【发布时间】:2022-01-19 10:15:04
【问题描述】:
我需要连接在Snakefile 中使用通配符创建的某些目录中的某些文件。我尝试创建以下规则来连接这些目录中的所有文件:
# concatenate output per hmm
rule concatenate:
input:
output_{hmm}/* ,
output:
output_{hmm}/cat_{hmm}.txt,
params:
cmd='cat'
shell:
'{params.cmd} {input} > {output} '
它不起作用并产生以下错误:
"SyntaxError in line 62 of /scratch/data1/agalvez/domains/Snakefile_ecdf:
invalid syntax (Snakefile_ecdf, line 62)"
我不知道该规则有什么问题,我想* 的使用可能不够,但我想不出另一种方法来做我打算做的事情。

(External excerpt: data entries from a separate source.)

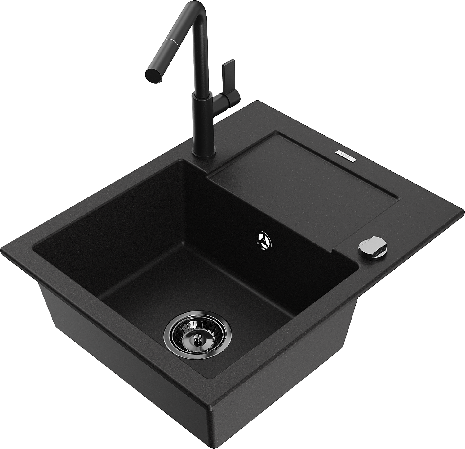 Mexen Enzo granitový drez 1-komorový s odkvapkávačom a kuchynskou batériou Flora, čierny - 6506-77-670401-70-B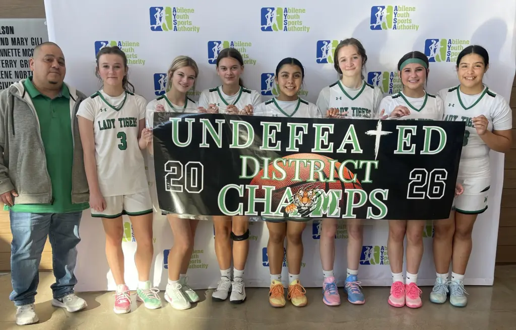 The May Junior High Girls Basketball White Team put together a season to remember, finishing the year undefeated. The squad rolled through district play without a single loss, securing an undefeated district championship and completing a perfect record for the entire season. Their success was also highlighted by a championship win at the Meridian Tournament. During the Jim Ned Tournament, they faced Class 3A opponents in pool play and won the three games they played.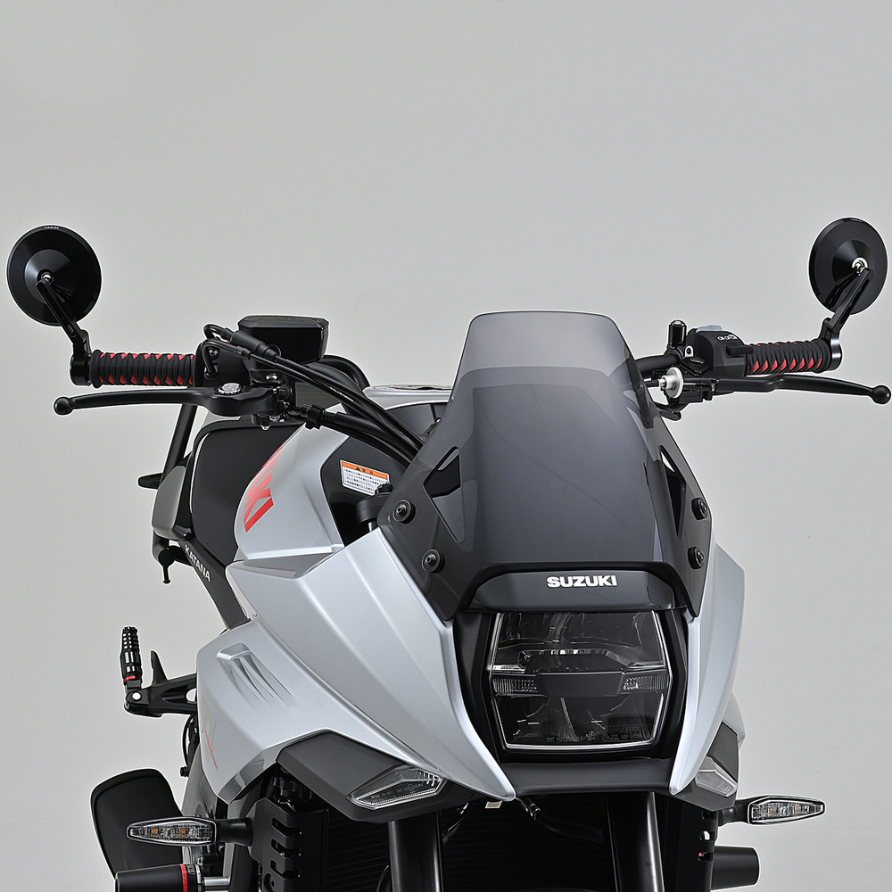 ヨーロッパでは定番化しつつあるバーエンドミラー。ドイツ人デザイナーによる洗練されたデザインが人気のアルミ削りだし製。アグレッシブで特徴的なデザインは新型スポーツネイキッドにベストマッチ。取り付けには別売りバーエンドミラーアダプターが必要です。・アルミ削り出しマットブラックアルマイト仕上げ・左右共通・片側1本入り・新保安基準適合サイズ※ハンドルを左右に切り車両やレバーに接触しないことを確認のうえ、ご使用ください。※取り付けには別売りバーエンドミラーアダプターが必要です。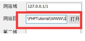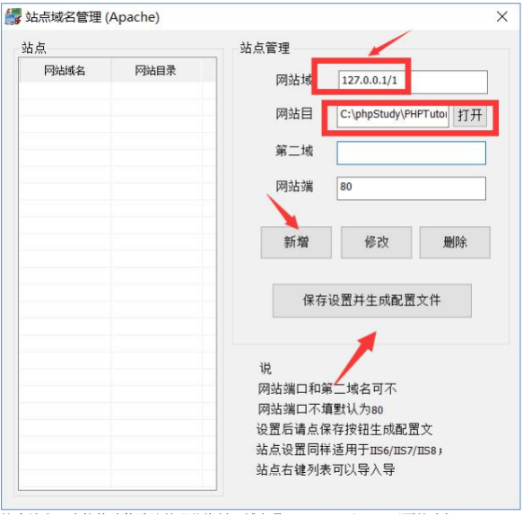 8、这个地方直接修改它默认的那些资料,域名是127.0.0.1/1,下面的路径,一定要精确到你的子目录,就是那个文件夹1,弄好这两项,点新增,然后再点保存,生成配置文件。这时候phpstudy会自动重启。域名是什么?这个就相当于baidu.com ,taobao.com,只是我们是本地练习,国家规定运营商不能给个人开放80端口,我们不能弄个域名解析到自己电脑上,只能用个本地域名代替。在服务器上我们就能绑定正儿八经的域名了。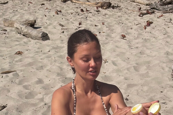 46-летняя Виктория Боня предстала перед камерой в лифе бикини с анималистичным принтом, который сочетала с облегающими черными шортами. Телеведущая также надела серьги и цепочку с кулоном. Модель была запечатлена с собранными в пучок волосами и без косметики на пляже. Знаменитость наносила на себя солнцезащитный крем.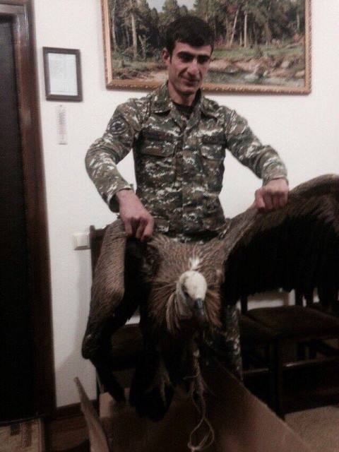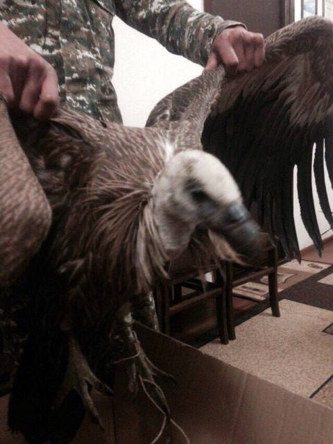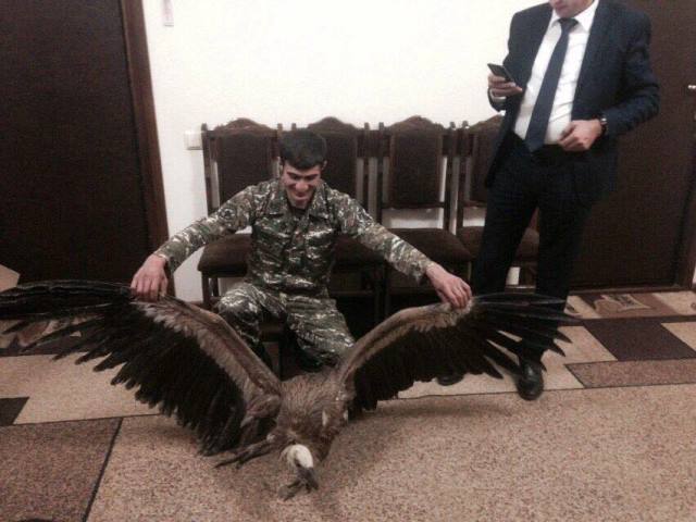 «Այսօր՝ ժամը 18:00-ի սահմաններում, Տավուշի մարզի Նավուր գյուղի Եղիշավան կոչվող տարածքում ծառայության ժամանակ ՀՀ ՊՆ ՌՈ զինծառայողները հայտնաբերել են վնասված սպիտակագլուխ անգղ: Զինծառայողները անգղին տեղափոխել են զորամասի տարածք, խնամել են, կերակրել այնուհետև վերադաս հրամանատարության մջոցով կապնվել են բնապահպանության նախարարության ներկայացուցիչների հետ: Այժմ սպիտակագլուխ անգղին տեղափոխել են մասնագիտացված տարածք համապատասխան վերահսկողության տակ»:
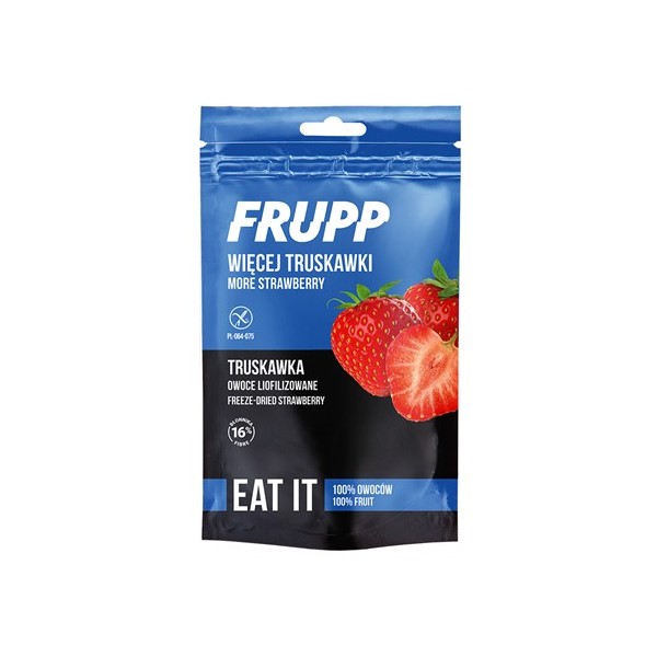 Liofilizowane owoce i warzywa FRUPP to naturalny produkt, który nie zawiera jakichkolwiek dodatków, barwników i konserwantów. Jest on produkowany z wykorzystaniem liofilizacji – techniki bardzo bezpiecznej dla wartości odżywczych zawartych w owocach i warzywach. To wyjątkowa i smaczna przekąska dla osób dbających o zdrowie, marzących o pięknej i smukłej sylwetce oraz prowadzących aktywny tryb życia. Ze względu na atrakcyjne i wygodne opakowanie stanowi wyjątkową alternatywę dla wysokokalorycznych słodyczy i słonych przekąsek. Produkty Frupp oznaczone są symbolem przekreślonego kłosa, który nadawany jest przez Europejski System Licencyjny. Program ten jest prowadzony przez Europejskie Zrzeszenie Stowarzyszeń Osób z Celiakią. Wyroby posiadające ten symbol, nie zawierają więcej niż 20 ppm glutenu (0,02 %) co potwierdzają badania w akredytowanym laboratorium.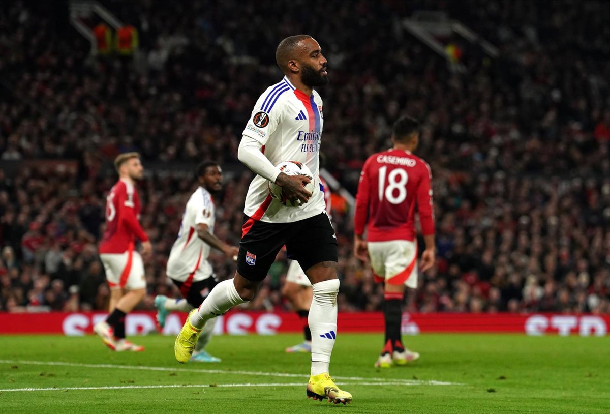 Archivo - Alexandre Lacazette celebra un gol del Olympique de Lyon en Old Trafford en la Liga Europa 24-25 - Martin Rickett/PA Wire/dpa - Archivo
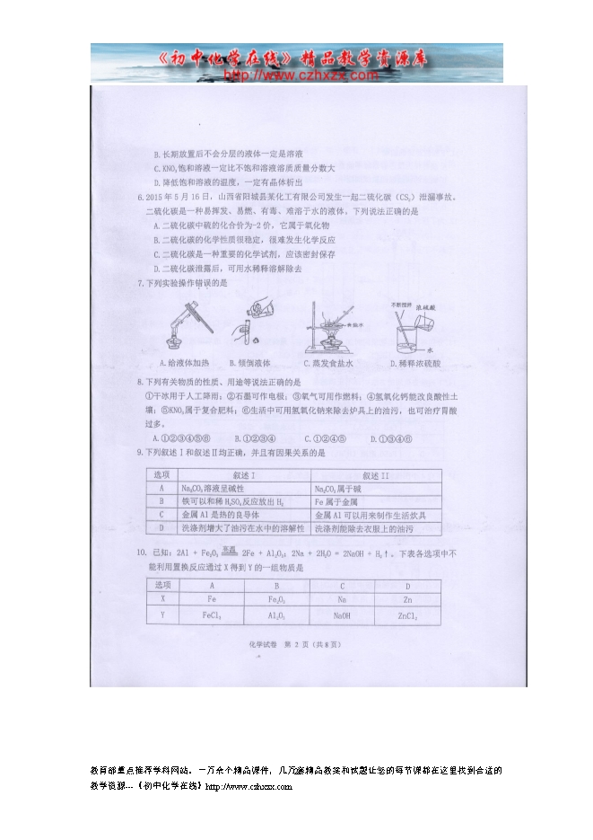 所属专辑: 《2015年各省市中考化学真题》专辑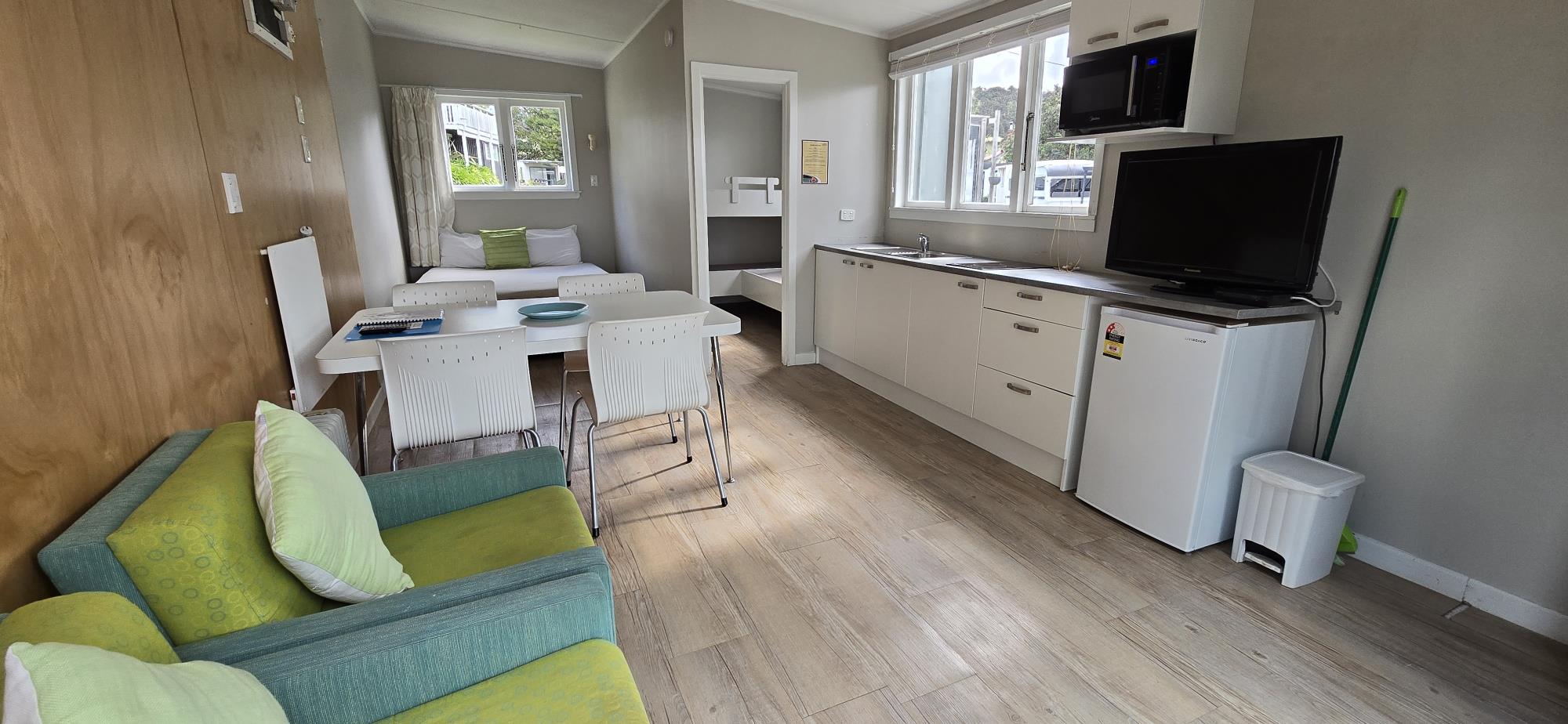 Karaka - Non-Waterfront Kitchen cabin with a fully equipped kitchen. There is 1 room with 1 x Queen bed & 2 x singles in a bunk set with a trundler underneath in 1 room. There is another room with 4 singles in built-in bunk style. All beds have a bottom sheet and pillows. You need to bring your own linen or hire linen for $10 per bed set. Extra Adults $24 & Extra Children $15 per night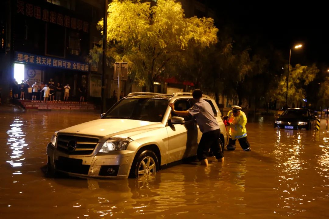 近日,吉林省持续迎来强降雨天气。汛情就是警情,松原市公安局连夜调配警力,深入防汛一线。扶余市公安局550名警力以及松原市公安局、其他县区公安机关支援的650名警力陆续到达指定地点,协助当地党委政府全力开展抢险救援、疏导交通、转移群众等抗洪抢险工作。图为松原市公安局民警奋力解救被困车辆。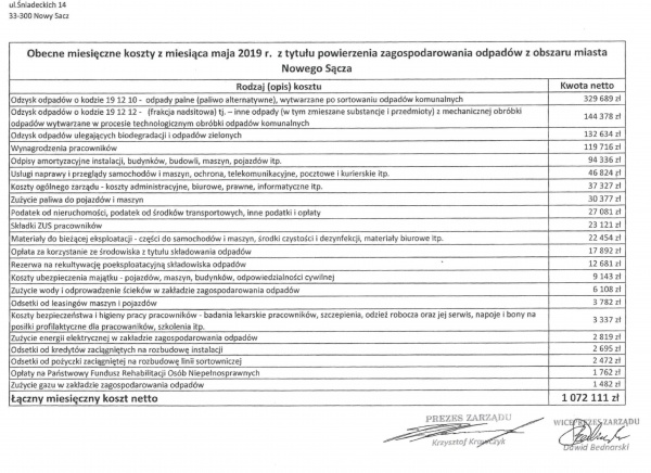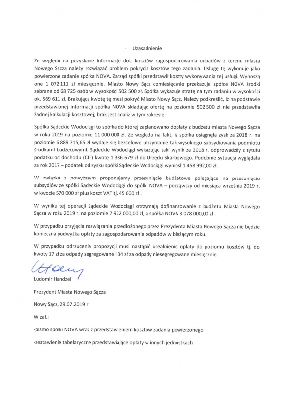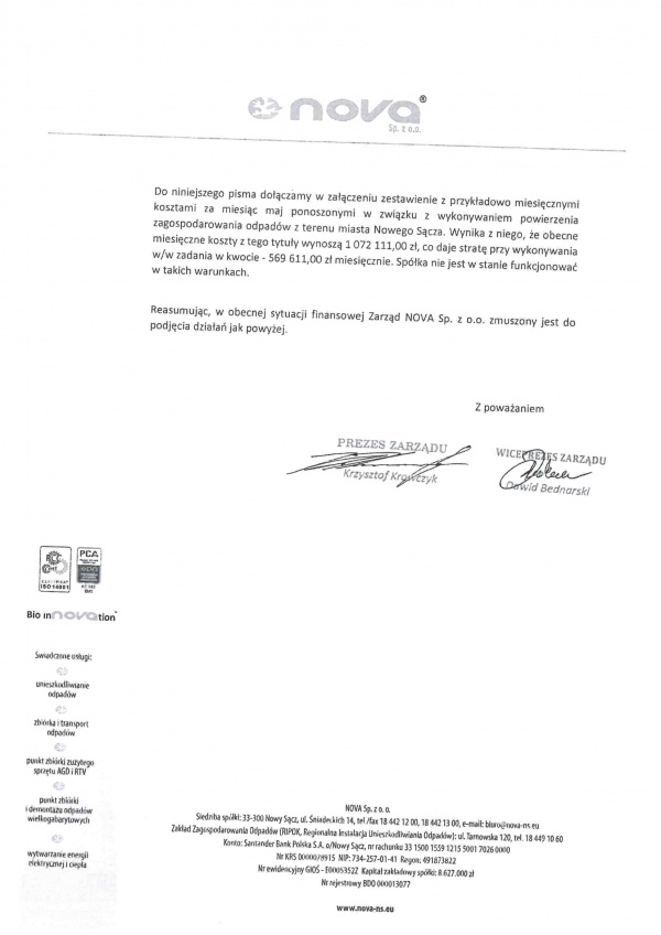 W przypadku przyjęcia rozwiązania przedłożonego przez Prezydenta Miasta Nowego Sącza nie będzie konieczna podwyżka opłaty za zagospodarowanie odpadów w bieżącym roku.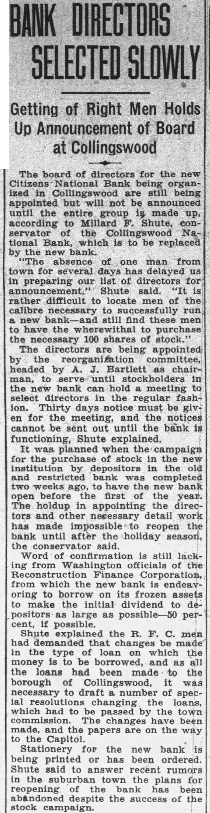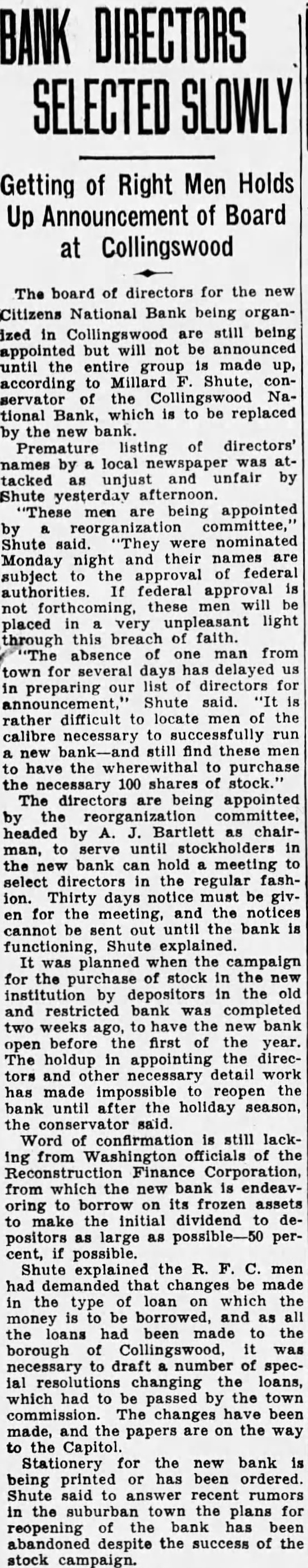BANK DIRECTORS SELECTED SLOWLY Getting of Right Men Holds Up Announcement of Board at Collingswood The board of directors for the National Bank being organized in Collingswood still being will not be announced until the entire group is made up, according to Millard Shute, conservator of the Collingswood National Bank, which is to be replaced by the absence of one man from town for several days delayed us in preparing our list of directors for announcement, Shute said. rather difficult to locate men of the calibre necessary to run new find these to have the the necessary 100 shares stock. The directors are being appointed the committee, headed by Bartlett as chairman, stockholders the bank can hold meeting select the regular ion. Thirty must be given for the meeting, and the notices cannot out until the bank is functioning, Shute explained. It planned when the campaign for the purchase of stock in the new institution by depositors the old and restricted completed the new bank open before first the year. The holdup in appointing the directors and other necessary detail work has made impossible reopen the bank until after the holiday season, the said. Word confirmation is still lacking from Washington from the new endeavoring to on its frozen assets to make the initial dividend to depositors as possible- percent, if possible. Shute explained the R. F. men had demanded changes be in the type loan on which the be the loans had been made to the borough of Collingswood, it was necessary draft number special resolutions changing the loans, which had to be passed by the town commission. The changes been made, and the papers on the way the Capitol. Stationery for the new bank is being printed has been ordered. Shute said answer recent rumors in the town the plans for reopening the bank has been abandoned despite the success of the stock campaign.

编辑: 这个问题可能缺少一些信息,所以我也会附上完整的 Snakefile:
ARCHIVE_FILE = 'output.tar.gz'
# a single output file
OUTPUT_FILE = 'output_{hmm}/{species}_{hmm}.out'
# a single input file
INPUT_FILE = 'proteins/{species}.fasta'
# a single hmm file
HMM_FILE = 'hmm/{hmm}.hmm'
# a single cat file
CAT_FILE = 'cat/cat_{hmm}.txt'
# Build the list of input files.
INP = glob_wildcards(INPUT_FILE).species
# Build the list of hmm files.
HMM = glob_wildcards(HMM_FILE).hmm
# The list of all output files
OUT = expand(OUTPUT_FILE, species=INP, hmm=HMM)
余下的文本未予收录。